- Opening Delimiter -

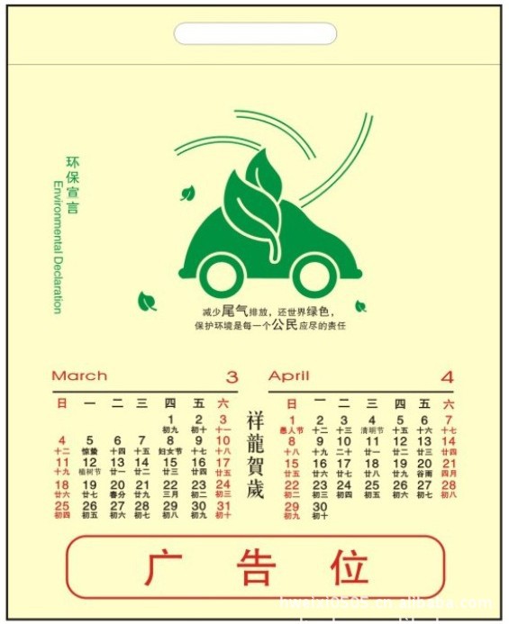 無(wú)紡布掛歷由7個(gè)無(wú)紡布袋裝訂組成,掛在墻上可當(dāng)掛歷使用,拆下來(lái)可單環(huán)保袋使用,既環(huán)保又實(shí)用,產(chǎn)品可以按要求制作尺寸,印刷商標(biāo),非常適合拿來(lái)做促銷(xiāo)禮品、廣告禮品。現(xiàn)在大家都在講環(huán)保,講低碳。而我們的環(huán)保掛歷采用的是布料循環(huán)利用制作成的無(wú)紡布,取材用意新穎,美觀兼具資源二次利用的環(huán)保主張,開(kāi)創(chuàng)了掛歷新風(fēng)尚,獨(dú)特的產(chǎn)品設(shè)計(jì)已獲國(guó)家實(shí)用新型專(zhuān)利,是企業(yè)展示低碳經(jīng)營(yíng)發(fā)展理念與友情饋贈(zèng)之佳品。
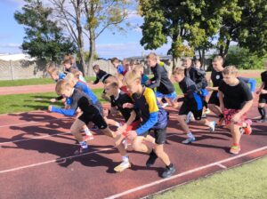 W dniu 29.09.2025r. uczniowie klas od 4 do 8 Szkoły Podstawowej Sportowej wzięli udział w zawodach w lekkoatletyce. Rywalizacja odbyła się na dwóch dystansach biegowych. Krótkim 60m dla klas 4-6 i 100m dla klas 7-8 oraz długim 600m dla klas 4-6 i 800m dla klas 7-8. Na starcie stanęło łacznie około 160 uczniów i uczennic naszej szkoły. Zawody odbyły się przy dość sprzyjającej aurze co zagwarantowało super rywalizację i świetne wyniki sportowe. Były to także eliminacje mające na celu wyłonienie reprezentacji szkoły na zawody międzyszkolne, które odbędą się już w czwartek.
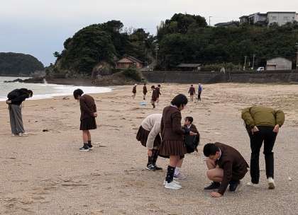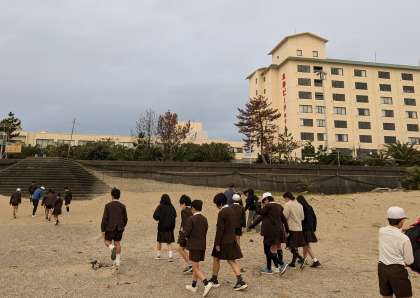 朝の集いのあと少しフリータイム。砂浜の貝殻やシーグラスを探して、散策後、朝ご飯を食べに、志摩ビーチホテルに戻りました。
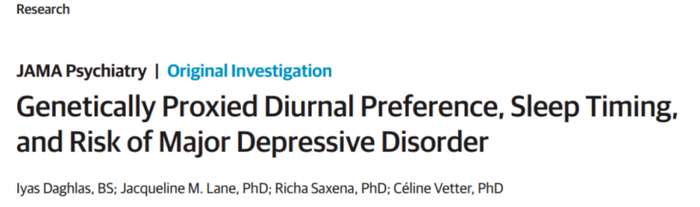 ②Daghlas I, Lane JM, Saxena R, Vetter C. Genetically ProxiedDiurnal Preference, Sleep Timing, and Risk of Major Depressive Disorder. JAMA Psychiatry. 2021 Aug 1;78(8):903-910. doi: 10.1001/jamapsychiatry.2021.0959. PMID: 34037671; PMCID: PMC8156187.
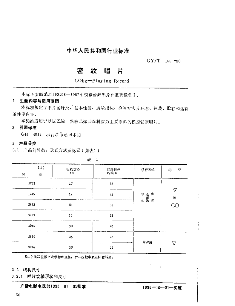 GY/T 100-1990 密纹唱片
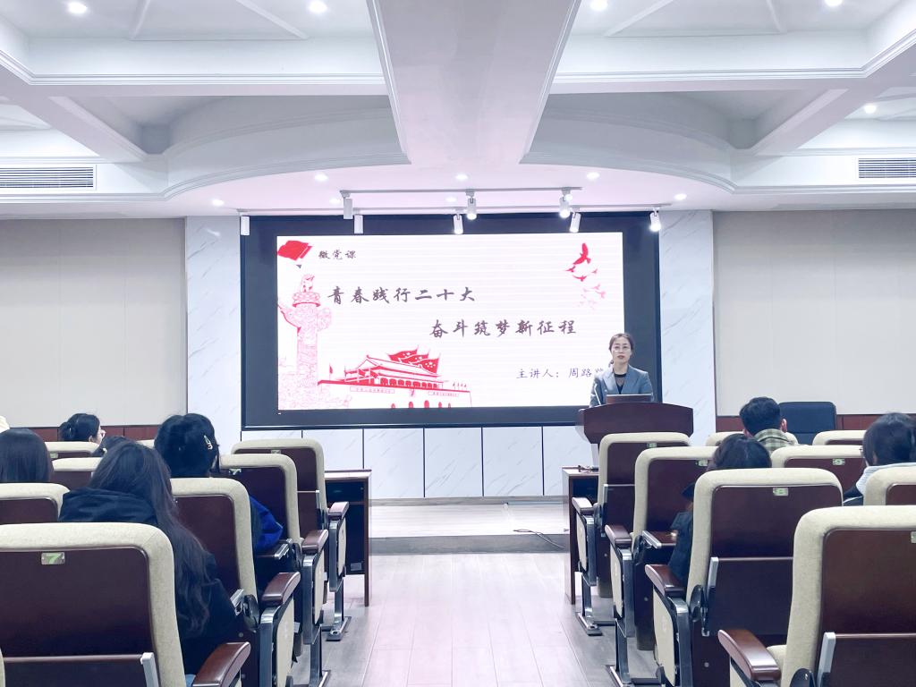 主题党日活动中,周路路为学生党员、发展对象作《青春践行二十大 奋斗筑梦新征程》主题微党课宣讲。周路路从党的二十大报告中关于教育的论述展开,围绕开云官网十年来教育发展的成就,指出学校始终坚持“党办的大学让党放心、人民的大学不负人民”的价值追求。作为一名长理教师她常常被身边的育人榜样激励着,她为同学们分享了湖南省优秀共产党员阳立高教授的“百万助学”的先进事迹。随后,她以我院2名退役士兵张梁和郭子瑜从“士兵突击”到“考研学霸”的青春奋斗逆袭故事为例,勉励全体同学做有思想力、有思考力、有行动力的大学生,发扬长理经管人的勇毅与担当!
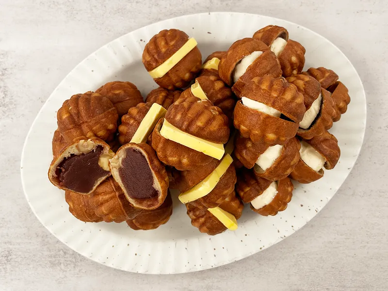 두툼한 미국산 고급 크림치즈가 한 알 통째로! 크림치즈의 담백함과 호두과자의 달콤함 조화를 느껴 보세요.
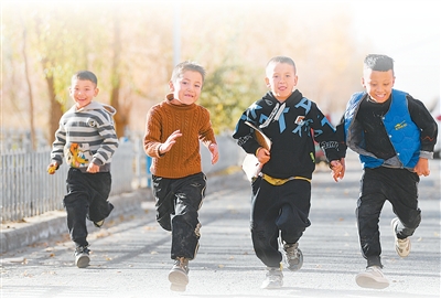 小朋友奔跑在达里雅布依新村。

- Closing Delimiter -

** What you will do **
Your output must match the records word for word, apart from the images, which are left out.

** Output for this exercise **
 無(wú)紡布掛歷由7個(gè)無(wú)紡布袋裝訂組成,掛在墻上可當(dāng)掛歷使用,拆下來(lái)可單環(huán)保袋使用,既環(huán)保又實(shí)用,產(chǎn)品可以按要求制作尺寸,印刷商標(biāo),非常適合拿來(lái)做促銷(xiāo)禮品、廣告禮品。現(xiàn)在大家都在講環(huán)保,講低碳。而我們的環(huán)保掛歷采用的是布料循環(huán)利用制作成的無(wú)紡布,取材用意新穎,美觀兼具資源二次利用的環(huán)保主張,開(kāi)創(chuàng)了掛歷新風(fēng)尚,獨(dú)特的產(chǎn)品設(shè)計(jì)已獲國(guó)家實(shí)用新型專(zhuān)利,是企業(yè)展示低碳經(jīng)營(yíng)發(fā)展理念與友情饋贈(zèng)之佳品。
 W dniu 29.09.2025r. uczniowie klas od 4 do 8 Szkoły Podstawowej Sportowej wzięli udział w zawodach w lekkoatletyce. Rywalizacja odbyła się na dwóch dystansach biegowych. Krótkim 60m dla klas 4-6 i 100m dla klas 7-8 oraz długim 600m dla klas 4-6 i 800m dla klas 7-8. Na starcie stanęło łacznie około 160 uczniów i uczennic naszej szkoły. Zawody odbyły się przy dość sprzyjającej aurze co zagwarantowało super rywalizację i świetne wyniki sportowe. Były to także eliminacje mające na celu wyłonienie reprezentacji szkoły na zawody międzyszkolne, które odbędą się już w czwartek.
 朝の集いのあと少しフリータイム。砂浜の貝殻やシーグラスを探して、散策後、朝ご飯を食べに、志摩ビーチホテルに戻りました。
 ②Daghlas I, Lane JM, Saxena R, Vetter C. Genetically ProxiedDiurnal Preference, Sleep Timing, and Risk of Major Depressive Disorder. JAMA Psychiatry. 2021 Aug 1;78(8):903-910. doi: 10.1001/jamapsychiatry.2021.0959. PMID: 34037671; PMCID: PMC8156187.
 GY/T 100-1990 密纹唱片
 主题党日活动中,周路路为学生党员、发展对象作《青春践行二十大 奋斗筑梦新征程》主题微党课宣讲。周路路从党的二十大报告中关于教育的论述展开,围绕开云官网十年来教育发展的成就,指出学校始终坚持“党办的大学让党放心、人民的大学不负人民”的价值追求。作为一名长理教师她常常被身边的育人榜样激励着,她为同学们分享了湖南省优秀共产党员阳立高教授的“百万助学”的先进事迹。随后,她以我院2名退役士兵张梁和郭子瑜从“士兵突击”到“考研学霸”的青春奋斗逆袭故事为例,勉励全体同学做有思想力、有思考力、有行动力的大学生,发扬长理经管人的勇毅与担当!
 두툼한 미국산 고급 크림치즈가 한 알 통째로! 크림치즈의 담백함과 호두과자의 달콤함 조화를 느껴 보세요.
 小朋友奔跑在达里雅布依新村。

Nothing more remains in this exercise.